R1b-rich earliest Corded Ware, a Yamnaya-related vector of Indo-European languages

New open source paper, Dynamic changes in genomic and social structures in third millennium BCE central Europe, by Papac et al., Science Advances (2021).

Interesting excerpts (emphasis mine):

We report genomic data from the earliest CW individuals to date [show] that CW was widespread across Bohemia by 2900 BCE. The early radiocarbon dates are also supported by these individuals’ genetic profiles, who occupy the most extreme positions on PC2, as expected under a scenario of the earliest CW being migrants from the east who mixed with locals, resulting in intermediate PC2 positions in later generations.
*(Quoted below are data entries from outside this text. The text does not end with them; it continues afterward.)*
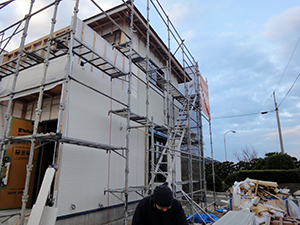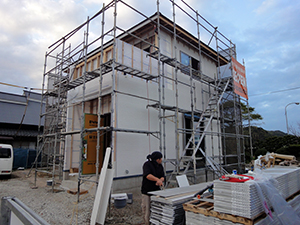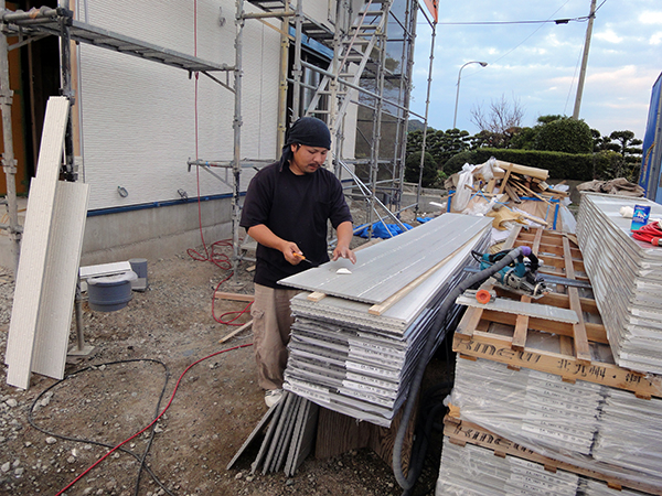 福津市渡U様邸の幸せづくり状況:外壁工事♪ 福津市渡U様邸の外壁工事の様子です♪ こちら積み重なっておいるのが、外壁材になります。 サイズに合うようにカットしながら貼っていきます♪ タグ: 福津市渡U様邸の幸せづくり状況:外壁工事♪
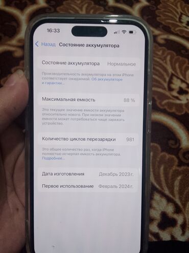 Айфон 15 про белый сатылат 128 Гб АКБ 88℅ баары жакшы иштейт оригинал зарядкасын кошуп берем 55 мин
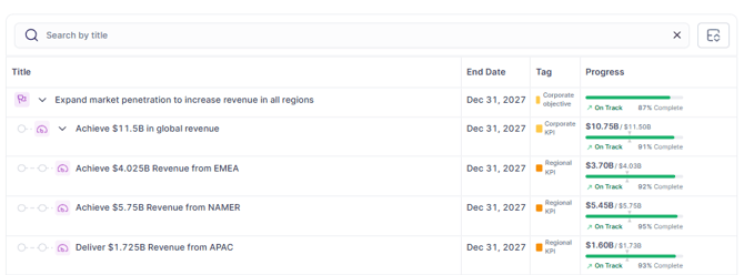 You can apply filters, grouping and edit the columns to show the desired information like dates, progress, targets, etc.
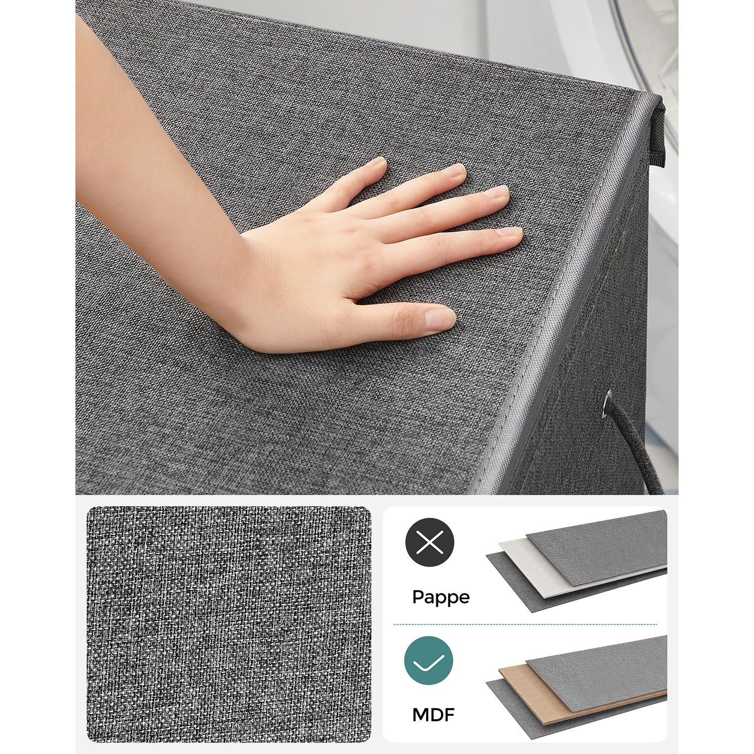 Med målene 60 x 36 x 66 cm (L x B x H) tilbyder denne vasketøjskurv med låg lavet af stof, der ligner linned, 142L til opbevaring af dit snavsetøj og hjælper med at holde dit hjem i perfekt orden. Det er den ideelle løsning til at skjule vasketøjet og holde dit rum ryddeligt.
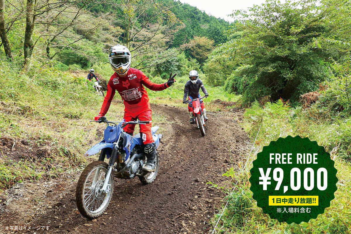 ONTAKEの自然に囲まれたワイドなオフロードコースを、初級〜上級レベル別に自由走行!レースではないので、自分のペースで思いきり走れます。

(…)We found poor statistical support (P < 0.005) for modeling Bohemia_CW_Early as a two-way mixture of any known Yamnaya source and any local Bohemian or nonlocal pre-CW source from Poland, Ukraine, Hungary, or Germany (...) We find that when either one of Latvia_MN, Ukraine_Neolithic, or PittedWare is added as a source, almost all (280 of 285) model fits (P values) improve and most of them by several orders of magnitude.
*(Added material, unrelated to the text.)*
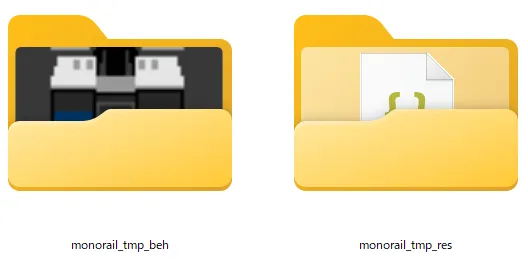 MTC2 懸垂式モノレールキットをダウンロードし、zipファイルを展開すると以下のようにリソースパックとビヘイビアパックの2つのフォルダがあるのが分かると思います。
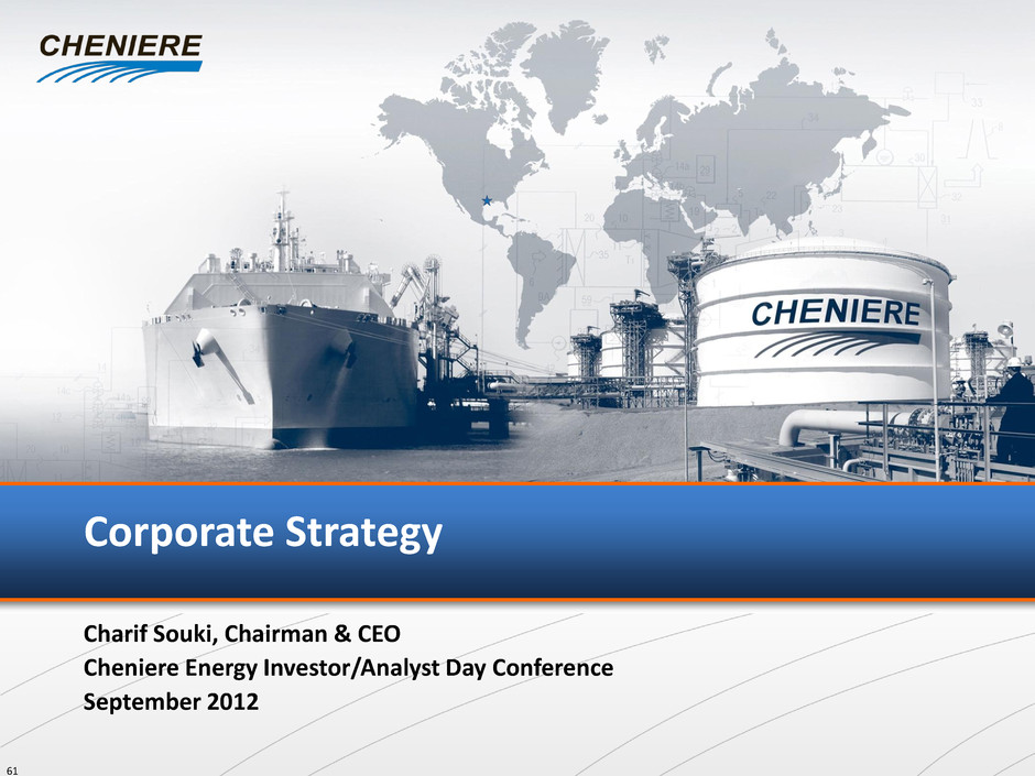 Corporate Strategy Charif Souki, Chairman & CEO Cheniere Energy Investor/Analyst Day Conference September 2012 61

PCA of published and newly reported ancient individuals from Bohemia (n = 271). Data are displayed in four major time periods: (A) Pre-CW–Eneolithic, (B) CWC. Modern-day West Eurasian individuals upon which principal components were calculated (n = 1141; table S7) are grayed out in the background with modern-day Czech and relevant ancients (projected) plotted as colored polygons for reference [labeled in (A), WHG, EHG, Latvia Bronze Age (BA), Yamnaya Samara/Kalmykia, and Anatolia Neolithic]. Individuals mentioned in the main text are labeled.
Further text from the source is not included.